Before we get into it today I have a few confessions:
#1: I’ve already tried this flavor as I had a salty craving the other day and they were just sitting there on the counter…..whispering my name. It was creepy but I couldn’t resist. I did have to call in a priest to exorcise the bag so it’d quit whispering my name and the procedure was a success.
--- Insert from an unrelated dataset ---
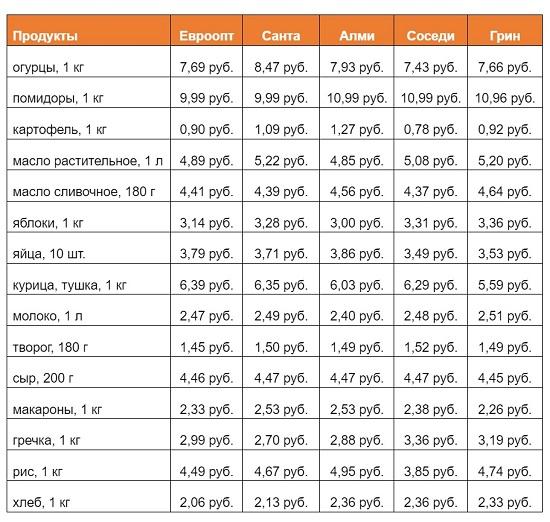 Со списком продуктов мы отправились в супермаркеты пяти белорусских сетей: «Евроопт», «Санта», «Алми», «Соседи» и «Грин».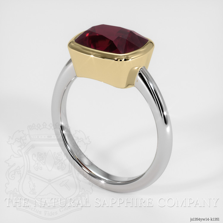 The men's ring features a beautiful, transparent 3.89 carat cushion shape purplish red rhodolitegarnet with the dimensions of 10.00 x 7.97 x 5.94 mm and a mixed brilliant cut. It has a clarity grade of very slightly included (evaluated at eye level), intense color saturation, and an excellent polish. The origin of this rhodolitegarnet is Madagascar.

#2: I wasn’t looking forward to doing this one. I took one look at the package and maybe recoiled slightly. The only thing I could think of that I thought these would taste like are those Flamin’ Hot Cheetos that took elementary schools by storms about 8 years ago and have since been banned in several school corporations due to students getting chest pains and weirdly colored stool after eating them. Yep, definitely something I’d like to subject myself to…..but for the sake of my blog….. 😛
Upon opening the bag, I definitely smell a smoky BBQ smell. The taste is also smoky BBQ with quite a bit of heat. The heat lingers on the tongue for a good little bit. The closest thing I can compare it to is Open Pit BBQ sauce, in chip form. Fun fact, I grew up eating Open Pit BBQ sauce on home made macaroni and cheese. For some reason my palate can’t handle that combination anymore. Ah, growing up is sad sometimes. 😦
So, our oldest cat has been glued to my side the whole time I’ve been writing this and she’s been curious about what is in the bag. Now I’ve made sure she didn’t eat any of the chips and have moved the bag away from her several times. She just licked my finger–of the hand that held a chip– and then looked at me with this expression on her face like, “Mom, why did you let me do that??” She’s currently at the water station trying to quench the smoke coming out of her face.
That’s actually one of the benefits of this flavor. They are so hot that you can only eat a couple before you have to stop and drink a glass of milk. And my threshold for spicy is pretty high 😉 . That said, if you are watching your portion control, these would be the chips for you. Also if you are trying to kick-start an overdue labor, keep these on hand if a long walk, drinking castor oil and doing “other activities” don’t work ;-).
PS: FTC Disclosure: This is not a sponsored post. All products were purchased with my hard earned cash that I make chasing around and changing the diapers of little children who want to be doing literally anything else rather than getting their diaper changed.
PPS: No cats were harmed in the making of this blog and some events that were discussed in the preceding blog may have been stretched for artistic license. It amazes me that I even have to say this, but then again we do live in a world where ironing companies have to put a disclaimer on the iron box, telling you to not iron clothes while wearing them.